EL SILENCIO, ESE ASESINO IMPLACABLE






   Yendo al DRAE (del que discrepamos en muchas ocasiones, pero sigue siendo la máxima autoridad a la hora de ayudarnos con el idioma, su contenido emana del saber de los que trabajan con él, lo estudian, lo manejan, lo enriquecen, le dan carta de naturaleza, lo preservan, aunque en ocasiones lo restrinjan o coarten con definiciones poco acertadas o dictadas por instancias políticas, atendiendo a la moral que se impone u otras consideraciones similares), resulta que el vocablo “literatura” presenta ocho acepciones, siendo la primera la que explica que tal cosa es el “arte de la expresión verbal” y ninguna de las otras siete menciona que debamos guardar la palabra sólo para referirnos a obras de ficción, fundamental o básicamente a la novela (en concreto, la tercera habla del “conjunto de las obras que versan sobre una determinada materia” y pone como ejemplos la “literatura jurídica” y la “literatura médica”).

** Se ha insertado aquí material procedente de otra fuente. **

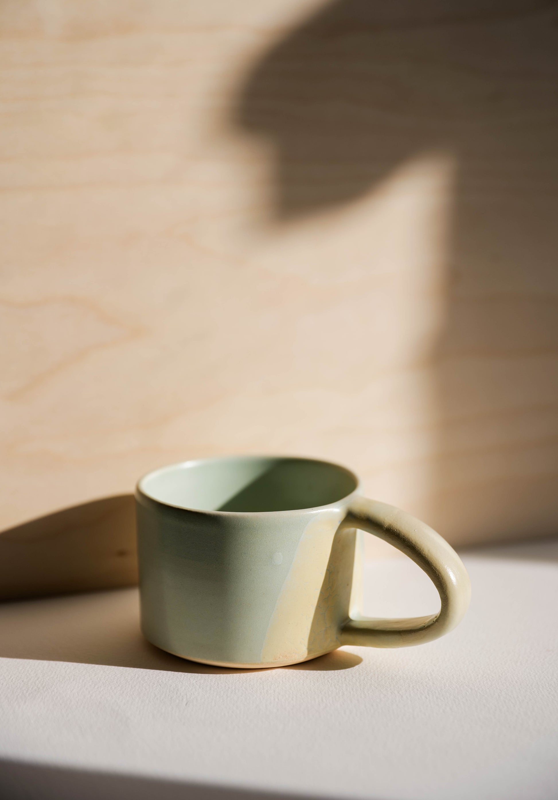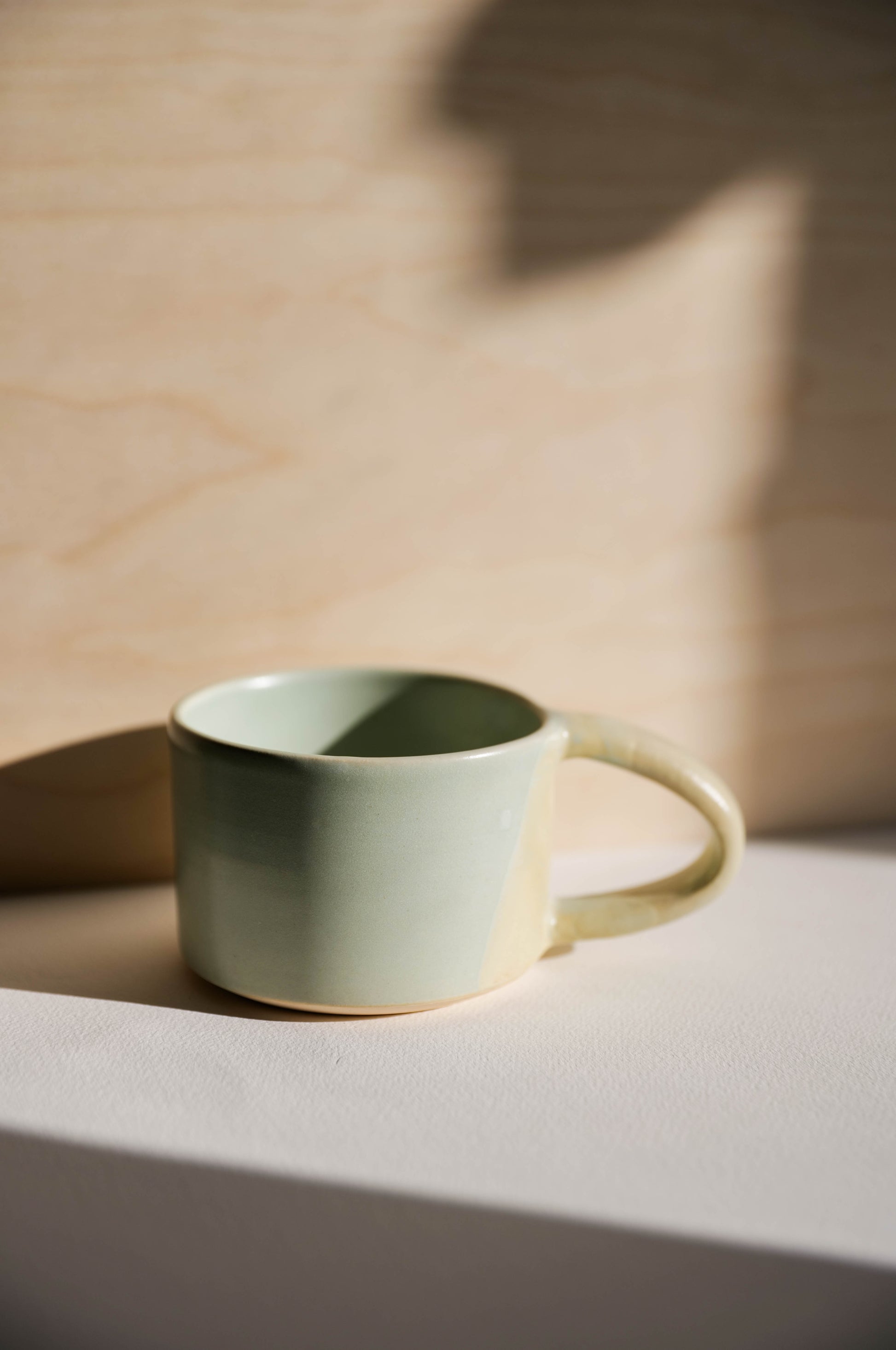 Wheel-thrown, one of a kind stoneware mug glazed in a light mint. The wide handle make this mug a delight to hold. We worked with Julia Finlayson of Grandmont Street on an exclusive collection of mugs for Martha Mae made in Evanston, IL.

Por lo tanto, a nadie debe sorprender ni molestar ni indignar ni nada por el estilo que el Premio Nobel de Literatura premie a dramaturgos y poetas (aunque, digámoslo así, aceptados siguen estando en minoría los galardonados que se han dedicado exclusivamente a estos géneros o que al menos el grueso de su obra se haya centrado en los mismos), del mismo modo que es lícito que lo gane un ensayista (hay que remontarse a 1927 para encontrar uno que pueda ser llamado con ese nombre: Henri Bergson -también está el caso de Winston Churchill, claro, tan controvertido, tan poco claro, aunque, para lo que estamos comentando, conviene recordar que el jurado también destacó “su brillante oratoria” que, volviendo al principio, se corresponde con lo que recoge el DRAE-), tal y como es una celebración (y un reconocimiento que ha tardado mucho en llegar) que en octubre de 2015 el jurado encargado de conceder el Nobel decidiese laurear la obra de una mujer a la que, fundamental y básicamente, se puede catalogar como periodista, puesto que García Márquez o Hemingway a buen seguro no hubiesen llegado a tanto de no haber escrito respectivamente Cien años de soledad y El viejo y el mar (por mucho que el primero tomase recursos, géneros, estilos de sus brillantes años como reportero, a pesar de que el segundo construyese su mejor ficción en torno a sí mismo, aplicase la más inspirada de las inventivas al modo en que narró experiencias propias).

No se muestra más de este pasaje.